Are your students responding to reading with digital tools? Last year I published two posts that featured some favorite apps and websites that give students a way to respond to reading. The first post 9 Reading Response Apps and Websites highlighted a handful of favorite tools for reading responses. The second post 5 Tips for Using Book Creator for Reading Responses showed how you could use one of my favorite creation tools to in the reading classroom.
I wanted to share some of my favorite books to energize your reading instruction. You can use these texts with the digital tools featured in the posts mentioned above. Of course, you want to make sure that these texts and the tasks you develop align to your instructional goals (aka Tasks Before Apps). Here are few books that can be used to inspire digital reading responses!
Books to Inspire Digital Reading Responses
I picked up this book a few weeks ago and absolutely love it! Full of short biographies on notable women in American history, this collection is a great option for informational text study. You might have students choose one person in this book to read about or connect one of the passages to your current unit of study.

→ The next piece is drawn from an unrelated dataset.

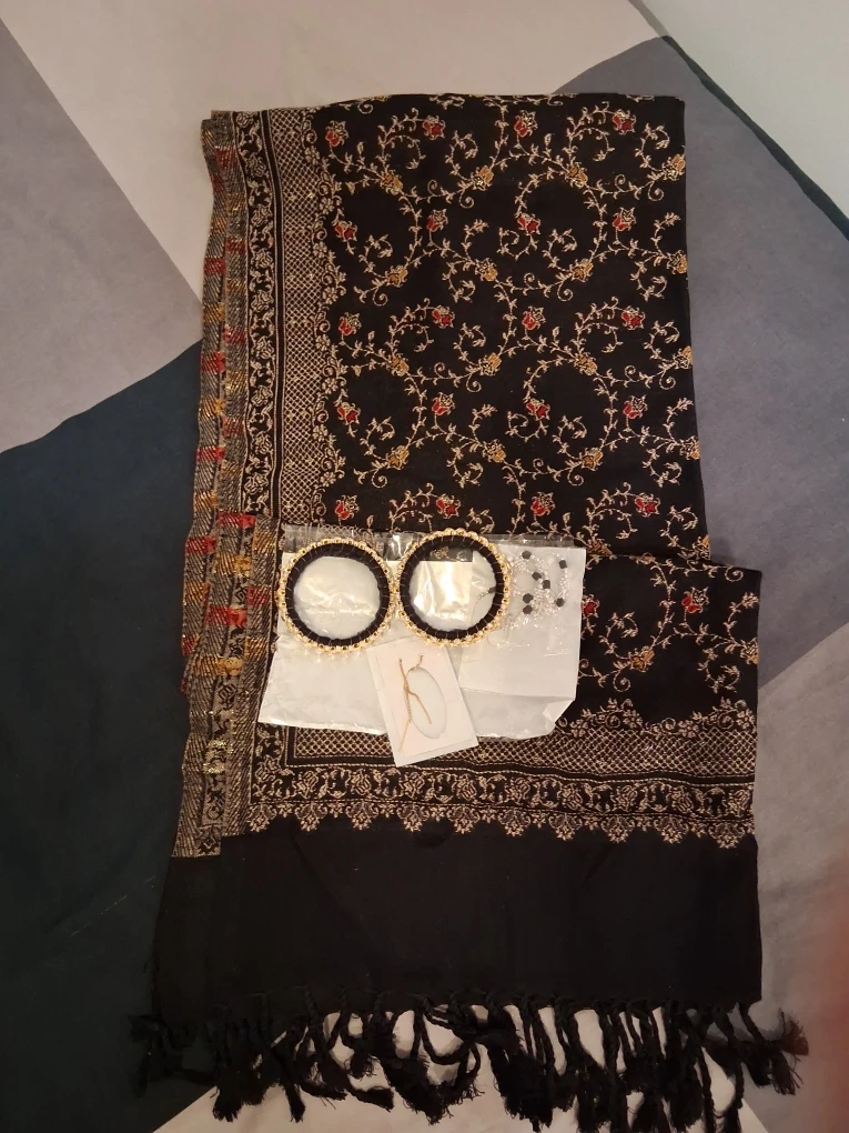-Hand-embroidered Kashmiri shawl with a floral pattern and fringe + pair of thread bangles + anklet + earrings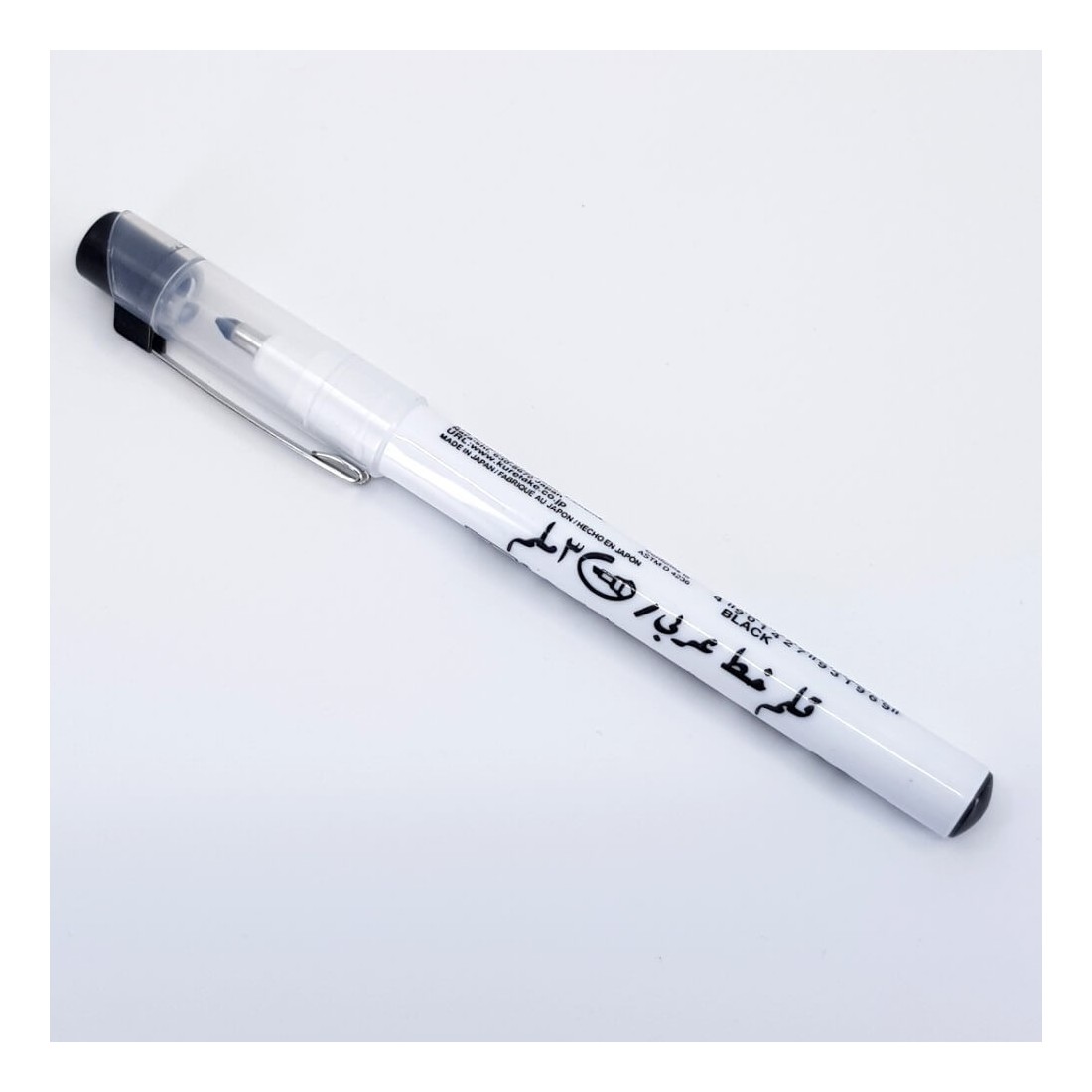 Pennarelli singoli in corsivo sinistrorso. Un pennarello nero per calligrafia corsivo con punta obliqua da 3 mm. Prodotto da Kuretake ZIG in Giappone.

Last year I had the chance to hear children’s author Patricia Polacco speak at the the Nebraska State Reading Conference. Although this text is perfect for introducing literary elements to students it can also be used to support instruction in your social studies classroom. This is one of my favorite books to share with students and I don’t think I’ve ever made it from start to finish without tissues. Pink and Say is also available in Spanish.
This book shares one of my favorite New York stories and can inspire students to look at their own community through new eyes. After reading this book, you might ask students to investigate a local landmark and explore its significance to your city.
Eve Bunting is one of my favorite children’s authors and this powerful book is definitely worth sharing with students. It can be hard for students to understand the weight of historical events and Terrible Things can provoke discussions and deep thinking as they read.
It’s been exciting to see how this biography has gained popularity in the past few months. As you search for informational text to bring into your classroom, biographies on compelling figures like Supreme Court Justice Ruth Bader Ginsburg can grab the attention of readers while connecting them to real world issues.
Sometimes popular novels are above the reading levels of students who are motivated and interested in exploring a topic. If your students went to see the movie Hidden Figures or want to learn more about the story featured in this film, the young reader’s edition of the bestseller is a great choice to share with your class. This book can promote discussions in literature circles that lead to collaborative digital reading responses.